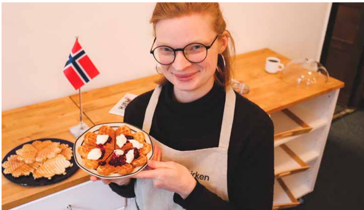
Vaflar: Vafler må til i ei Sjømannskyrkje!
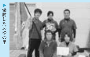
優勝したあゆの里
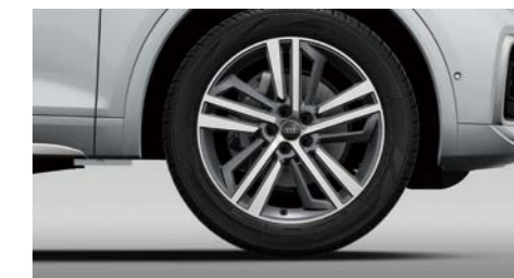
アルミホイール 5セグメントスポークデザイン コントラストグレーポリッシュ 8J×20+255/45R20タイヤ
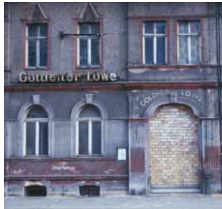
Der „Gold(e)ne Löwe“ im Jahre 1990.

stück, er erhält Gast- und Tanzwirtschafts-erlaubnis.
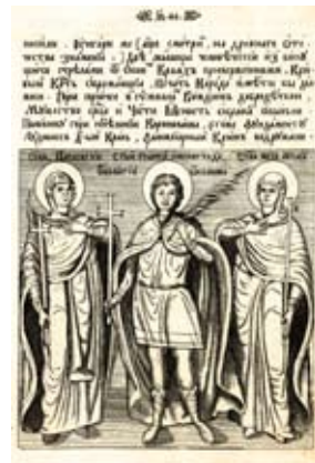
Изображение на св. Параскева, Св. Георги Софийски Нови и Св. Майка на ангелите
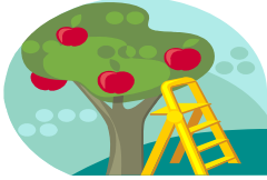
Las personas recogen las manzanas.

> [Task]:
Repeat the entries exactly. Any picture is to be left out.

> [Response to this exercise]:
Vaflar: Vafler må til i ei Sjømannskyrkje!
優勝したあゆの里
アルミホイール 5セグメントスポークデザイン コントラストグレーポリッシュ 8J×20+255/45R20タイヤ
Der „Gold(e)ne Löwe“ im Jahre 1990.

stück, er erhält Gast- und Tanzwirtschafts-erlaubnis.
Изображение на св. Параскева, Св. Георги Софийски Нови и Св. Майка на ангелите
Las personas recogen las manzanas.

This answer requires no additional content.